Patricia Ann Ramsey ( Paugh; December 29, 1956 – June 24, 2006) was an American beauty pageant winner who won the Miss West Virginia Pageant at age 20 in 1977. She was best known as the mother of JonBenét Ramsey, a six-year-old child beauty pageant queen who was found dead in her family's home in Boulder, Colorado, on December 26, 1996.

Background
Ramsey was born in Parkersburg, West Virginia, the daughter of Nedra Ellen Ann (née Rymer) and Donald Ray Paugh, an engineer and manager at Union Carbide. She graduated from Parkersburg High School in 1975. She attended West Virginia University, where she belonged to the Alpha Xi Delta sorority, and from which she graduated with a B.A. in journalism in 1978.

She won the Miss West Virginia beauty title in 1977. Her sister, Pamela Ellen Paugh, won the Miss West Virginia title at age 24 in 1980.

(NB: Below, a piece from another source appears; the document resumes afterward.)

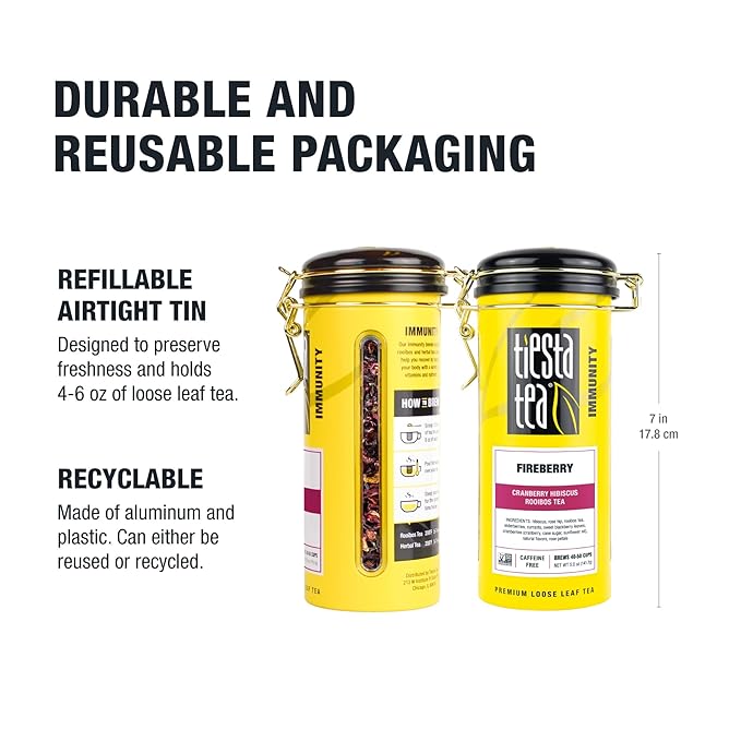 Tiesta Tea - Fireberry | Loose Leaf | Cranberry Hibiscus Rooibos Tea | Premium Non-Caffeinated Rooibos Blend | Make Hot or Iced | Brews Up to 250 Cups | 16oz Bulk Pouch & 5oz Refillable Tin Combo
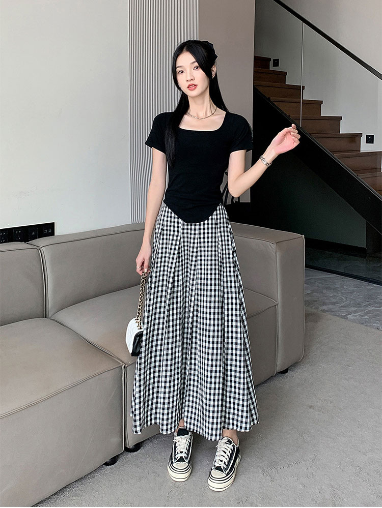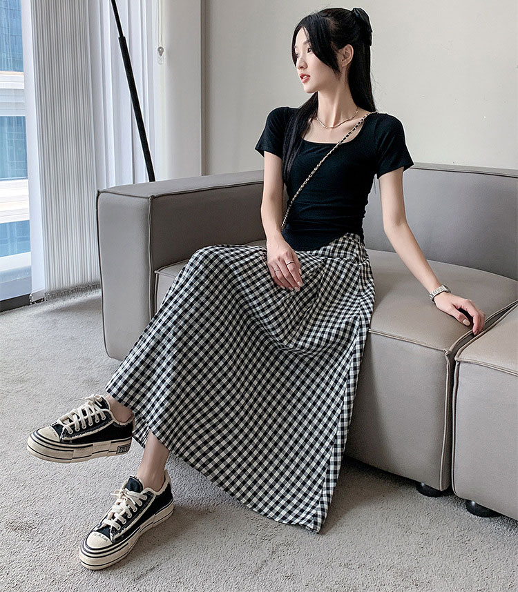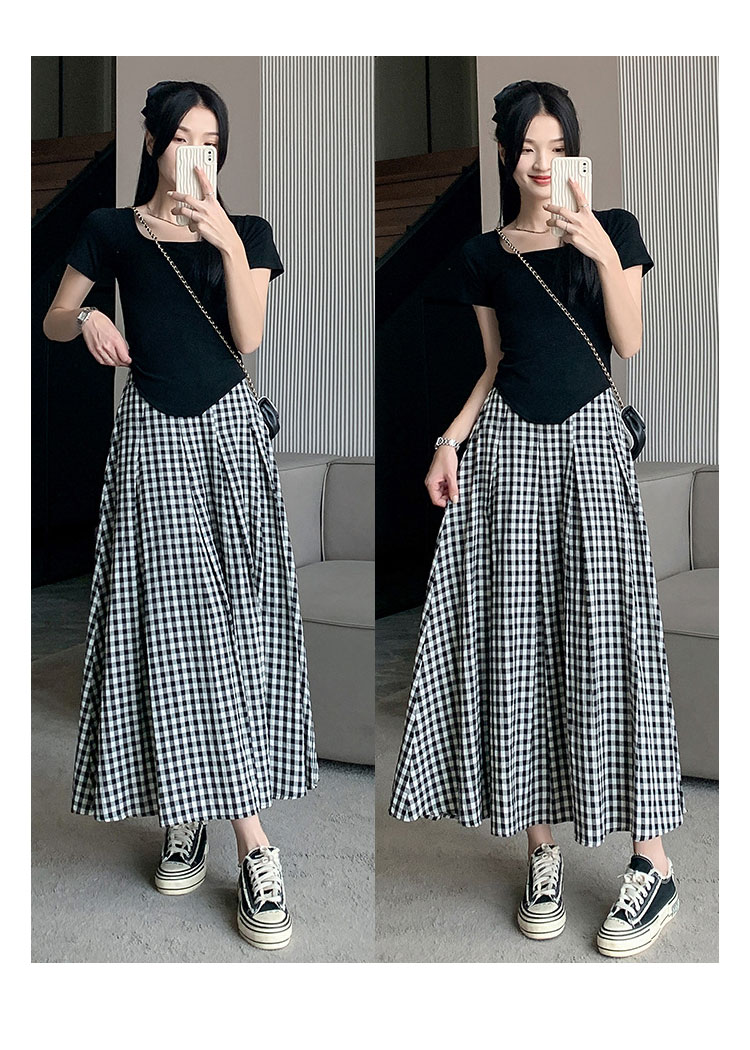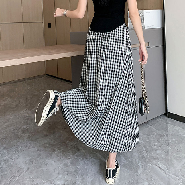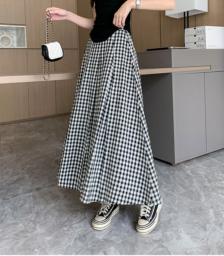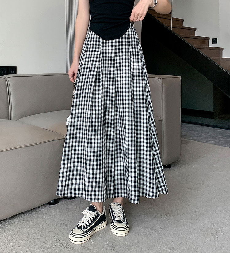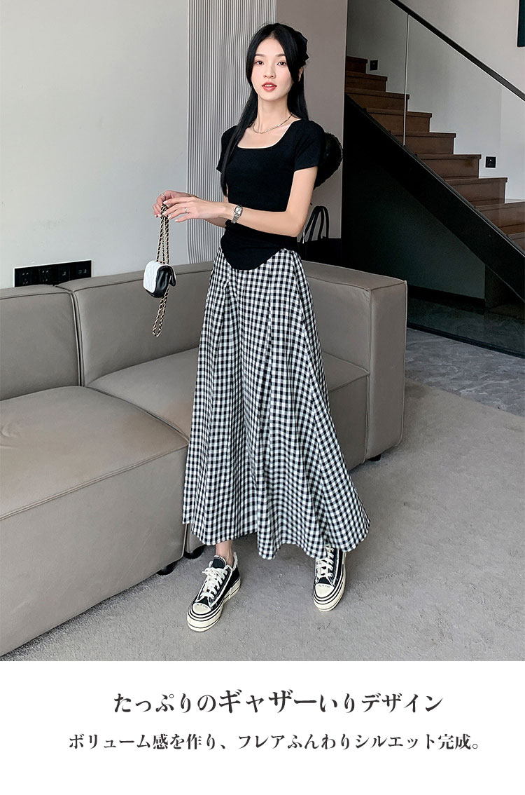 定番チェック柄ロングスカート タックい

Patsy was 23 when she married businessman John Ramsey on November 5, 1980. He had three children from his first marriage to Lucinda Pasch from 1966 to 1978, which had ended in divorce. Patsy and John's son, Burke Ramsey, was born on January 27, 1987. She gave birth to their second child, daughter JonBenét, on August 6, 1990, in Atlanta. The family moved to Boulder, Colorado in 1991 for her husband's business. Starting from when her daughter was young, Patsy entered her in children's beauty contests, and she won some titles before the age of six.

JonBenét's homicide

Her daughter JonBenét disappeared on the morning after Christmas Day 1996. A lengthy ransom note claimed that she had been kidnapped, demanding $118,000 for her return; Patsy reported finding this note at the foot of the stairs. Seven hours after Patsy contacted authorities, JonBenét's body was found in an isolated area of the Ramseys' basement. She had been killed by strangulation and a blow to the head. After the homicide of JonBenét was discovered, Boulder law enforcement officials declared that Patsy and her husband were "under an umbrella of suspicion" because of their possible involvement in the crime. The couple spent the next 10 years defending themselves against the allegations by insisting that an intruder killed their daughter.

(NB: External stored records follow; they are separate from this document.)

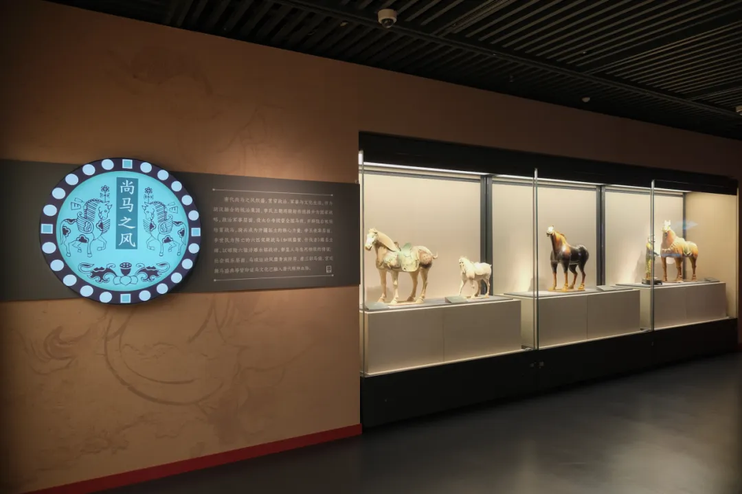 该展借展陕西唐三彩艺术博物馆收藏的彩绘陶马球俑、三彩舞马三彩噬蹄马、三彩凤首壶等各类唐代文物珍品42组60件集中呈现了色彩斑斓、造型精妙的唐三彩艺术之美。
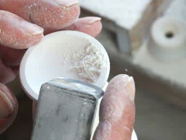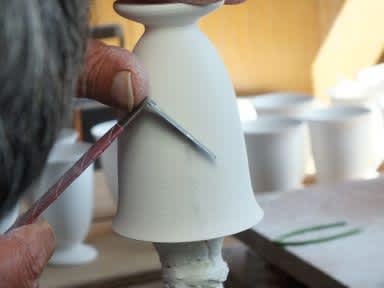 先ずは 杯を逆さまにして 高台から 削り始めます
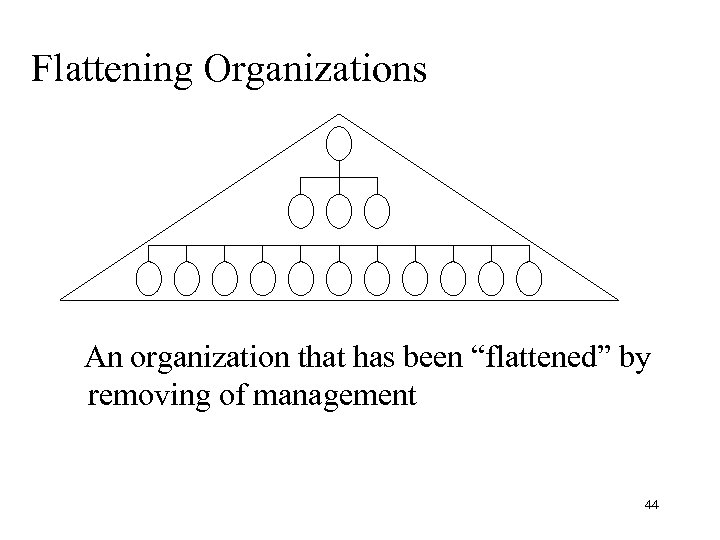Flattening Organizations An organization that has been “flattened” by removing of management 44
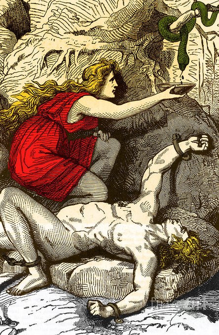 Loki, Norse God, 19th century illustration of the mythological Scandinavian God in chains, 1882 #loki #norsemythology #mythology #illustration #scandinaviangods #art #19thcentury
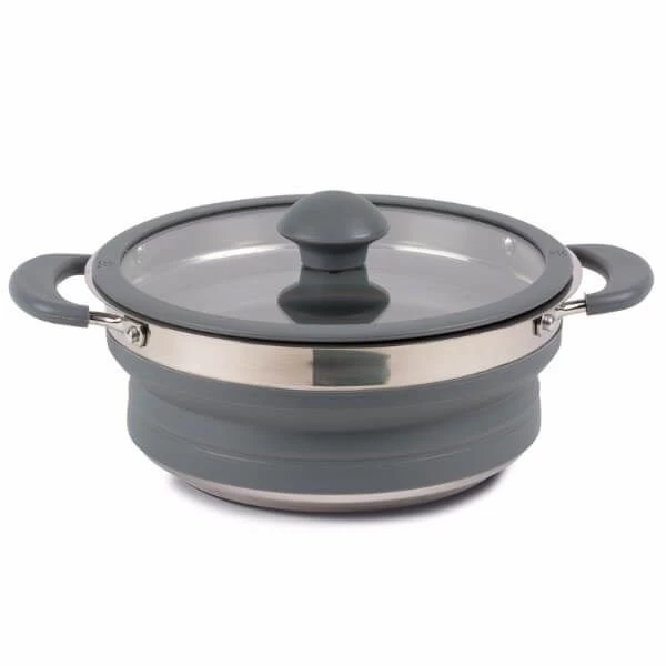 The Kampa collapsible saucepan is available in a choice of three sizes. All the pans collapse and fold down making them ideal to pack for use on your camping trip.
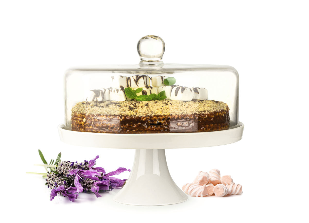 Glasglocke Kuchenglocke Käseglocke Fuß aus Porzellan Tortenplatte Kuchenplatte
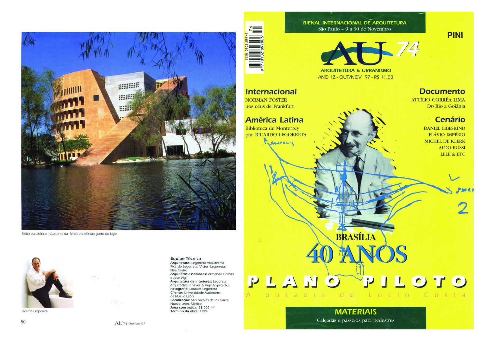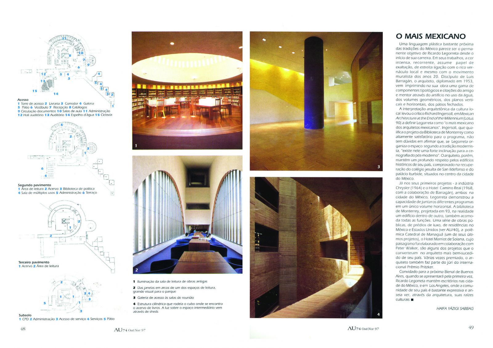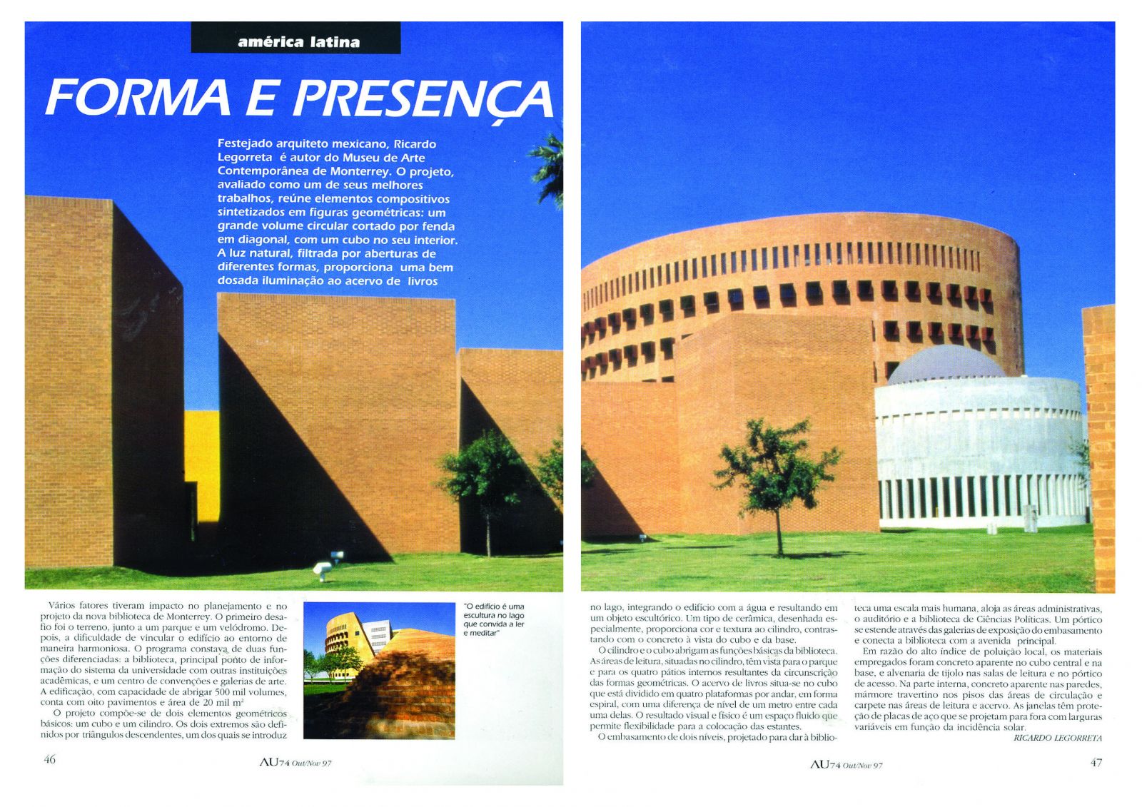BIBLIOTECA DE MONTERREY EN REVISTA AU ARQUITETURA & URBANISMO, NOV 1997 | NOTICIAS | Legorreta Arquitectos

A grand jury voted in 1999 to indict the parents of six-year-old JonBenét Ramsey on charges of child abuse resulting in death, but Boulder District Attorney Alex Hunter did not sign the indictment. Multiple sources, including members of the grand jury, have confirmed to the Daily Camera that Hunter refused to sign the indictment because he did not think there was sufficient evidence to prove the case beyond a reasonable doubt.

At around the same time, Lou Smit, a homicide detective who had been brought in to solve the case, opined that the Ramseys had been unfairly targeted, and that an intruder was likely responsible for the murder and its staging.

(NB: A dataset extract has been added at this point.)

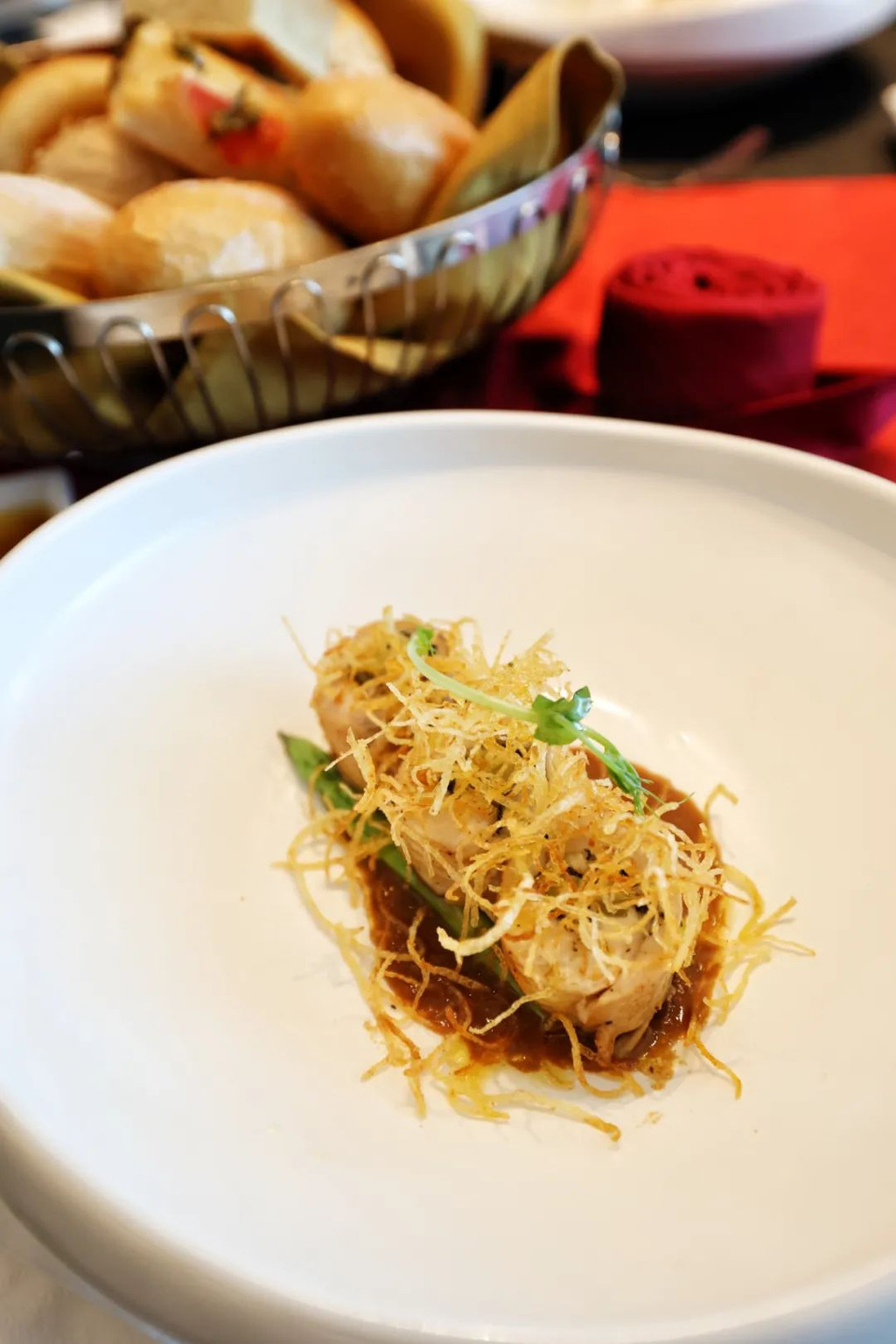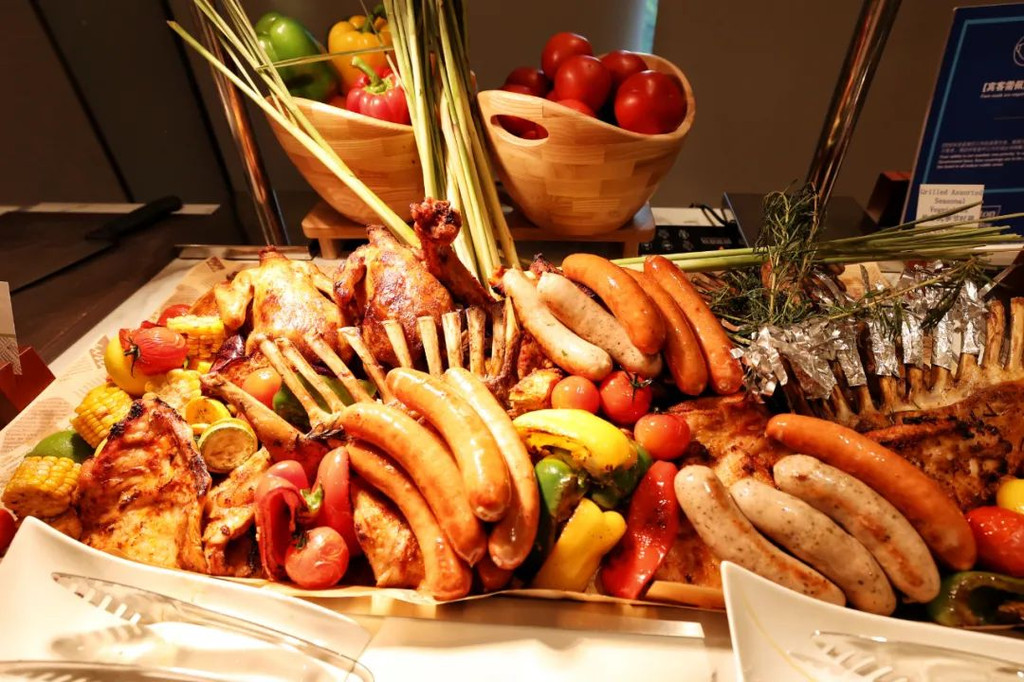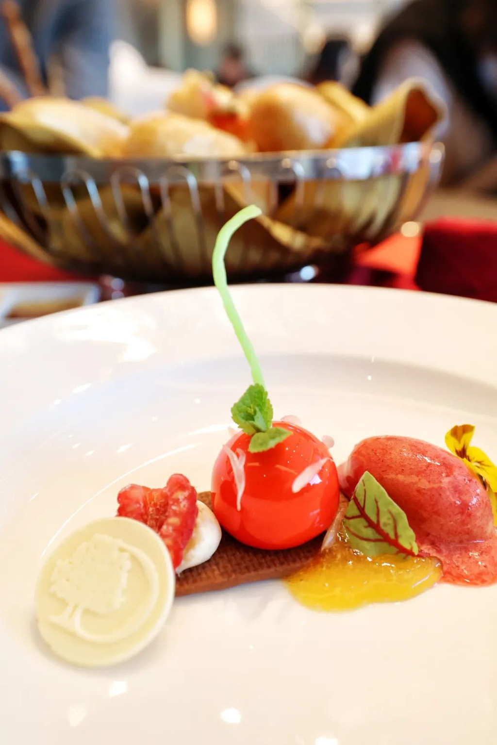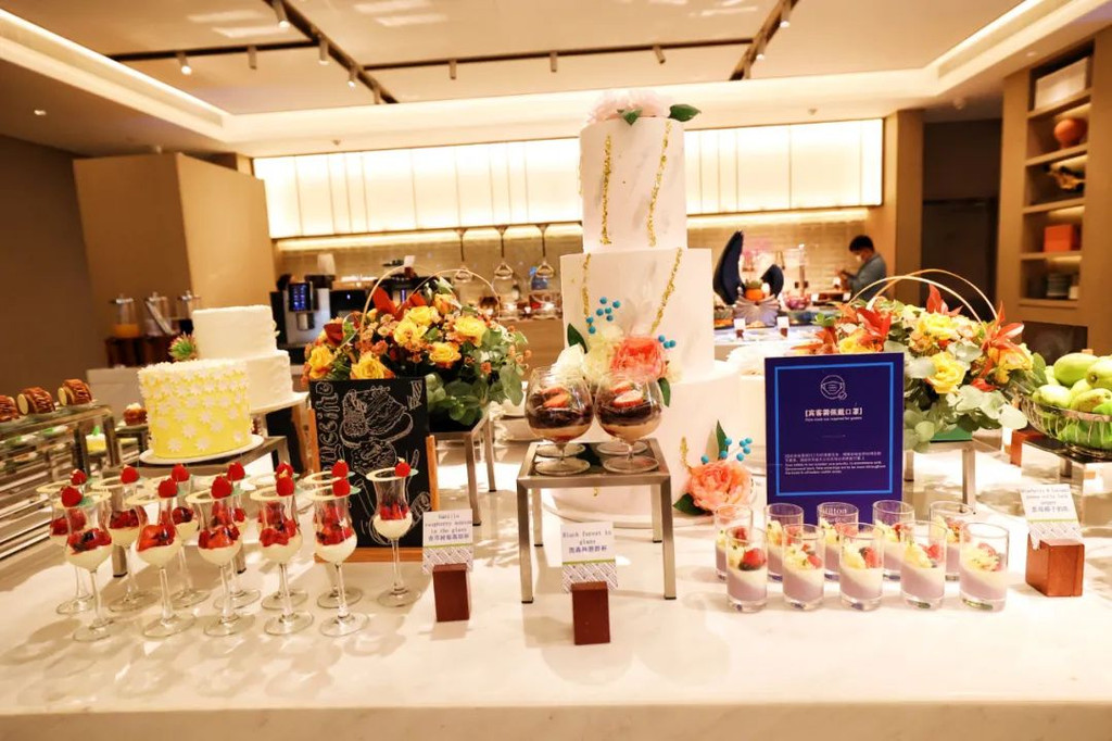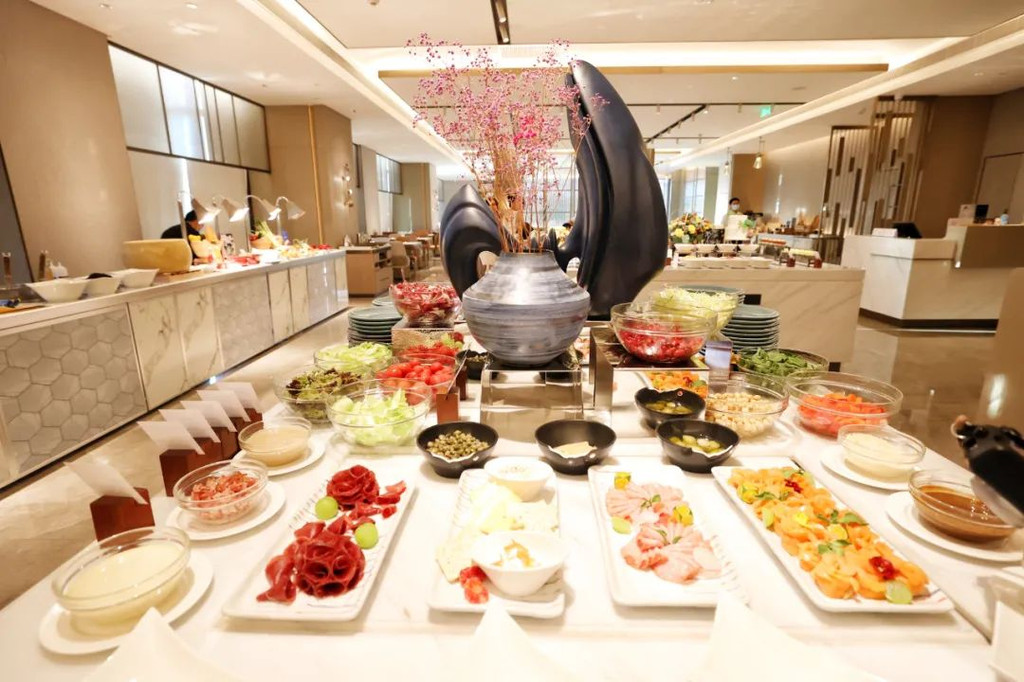 【鲜虾藜麦牛油果沙拉】鲜虾上面倒上芝麻酱以后,大虾的鲜味来得更加的丰富,用这两道前菜来打开味蕾,一顿正式的西餐也就此拉开序幕。【地中海风味海鲜汤】【香煎海鲈鱼】【松露芦笋鸡肉卷】主菜是二选一的,我选了这道松露芦笋鸡肉卷,因为喜欢松露的味道,用鸡肉来包裹着,特显魅力。【甜品】主厨手工制作的甜品,尤其是中间那个柚子芝士冻糕配上覆盆子雪芭,入口的感觉很惊艳很上头,有点像最近听到哥哥们唱的甜蜜蜜一样,很有熟悉感,体会到许久未有的心动感。在这里吃西餐,感受到满满的仪式感,从开胃前菜到餐后甜点,是西餐的仪式感,生活的仪式感。【自助晚餐】酒店融合中西菜式为宾客打造味觉盛宴,带来从味觉到视觉双重愉悦。

On July 9, 2008—nearly 12 years after their daughter's death and two years after Patsy's death—the Boulder District Attorney cleared John Ramsey and his late wife of any wrongdoing in their daughter's death. The decision was based on new DNA evidence that was collected from JonBenét's clothing, which belonged to an unidentified male not part of the family. This particular type of DNA analysis did not exist at the time of the killing. Boulder County District Attorney Mary Lacy said new DNA tests point to an "unexplained third party" as possibly responsible for the killing. Modern "touch DNA" suggests that a male of Hispanic origin (per updates on DNA and DNA found under JonBenét's fingernails two weeks after the murder, which Hunter had access to) left traces on two separate clothing articles: the undergarment panties and leggings. The official exoneration was done against normal practice, and the Boulder police have still not cleared them. (Mark Beckner, retired Boulder Chief of Police, has claimed that Mary Lacy had always strongly believed that a mother could not possibly be responsible for the death of her daughter in that fashion (and so sought to exonerate Ramsey), and that the trace DNA found on JonBenét's underwear (believed by the Colorado Bureau of Investigation to be either sweat or saliva) was in such minute quantities (nanograms) that it could have come from the clothing's manufacturing process.)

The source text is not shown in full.